CA Loan Bajaj Finserv
CA Final Online Classes
CA Classes

Share on Facebook

Share on Twitter

Share on LinkedIn

Share on Email

Share More

Related Party Transactions us 188 of the Co. Act 2013

C.S. CHANDANI SARUPARIA 
on 22 August 2014

LinkedIn


RELATED PARTY TRANSACTIONS UNDER THE COMPANIES ACT, 2013

(Section 188 of Companies Act, 2013 read with Rule 15 of  Companies (Meetings of Board and its Powers) Rules, 2014)

A.  Applicability of the Section

Section 188 of the Companies Act , 2013 is applicable to both private companies as well as public companies and is applicable with effect from April 1st , 2014. The Companies Act , 2013 mandates the necessity of the approval of Board of Directors and the approval of shareholders by way of Special resolution passed in the general meeting of the company  in order to validate the entering into related party transactions.

B. Meaning of Related Party

Section 2(76), read with rule 3 of Companies (Specification of definitions details) Rules, 2014, defines a related party as under: -

1. a director or his relative;

2. a key managerial personnel or his relative;

3. a firm, in which a director, manager or his relative is a partner;

4. a private company in which a director or manager is a member or director;

5. a public company in which a director or manager is a director or holds along with his relatives,  more than 2% of its paid-up share capital;

6. Any body corporate whose Board of Directors, managing director or manager is accustomed to act in accordance with the advice, directions or instructions of a director or manager;

7. any person on whose advice, directions or instructions a director or manager is accustomed to act:

8. any company which is—

- a holding, subsidiary or an associate company of such company; or

-  a subsidiary of a holding company to which it is also a subsidiary;

9. a director or key managerial personnel of the holding company or his relative with reference to a company shall be deemed to be a related party.

C. Transactions which are considered as related party transactions

(a) sale, purchase or supply of any goods or materials;

(b) selling or otherwise disposing of, or buying, property of any kind;

(c) leasing of property of any kind;

(d) availing or rendering of any services;

(e) appointment of any agent for purchase or sale of goods, materials, services or property;

(f) such  related party's appointment to any office or place of profit in the company, its subsidiary company or associate company; and Related party transactions.

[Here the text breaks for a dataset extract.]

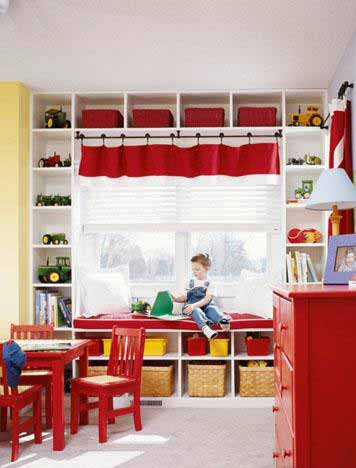 這個(gè)可愛(ài)的小男孩,在這里盡情享受屬于他的樂(lè)趣,農(nóng)場(chǎng)主題臥室讓這里成了一個(gè)盡情玩耍的專屬空間,與居住在里面的小主人,共同成長(zhǎng)。靠著窗口的位子是一個(gè)休息的地方,這里的設(shè)計(jì)一直延伸到天花板,讓整個(gè)小空間顯得寬敞明亮。把孩子喜歡閱讀的書(shū)籍都放在他能看見(jiàn)的地方,玩耍之余也要開(kāi)闊視野。

(g) underwriting the subscription of any securities or derivatives thereof, of the company

D. APPROVALS REQUIRED

i.  Related party transactions which require Approval by Board of Directorr

Every company needs to seek the approval of its Board of Directors for entering into any related party transaction, as listed below, irrespective of the capital of the company or the value of the transaction. The transactions which require prior approval of BOD by way of resolution and making of appropriate disclosures in the notice conveying the Board meeting at which the resolution is to be passed, are enlisted hereunder.

• Transactions relating to sale, purchase or supply of any goods or materials

• Transactions relating to selling or otherwise disposing of, or buying, property of any kind;

• Transactions relating to leasing of property of any kind;

• Transactions relating to availing or rendering of any services;

• Transactions relating to appointment of any agent for purchase or sale of goods, materials, services or property;

• Transactions relating to such related party's appointment to any office or place of profit in the company, its subsidiary company or associate company; and Related party transactions.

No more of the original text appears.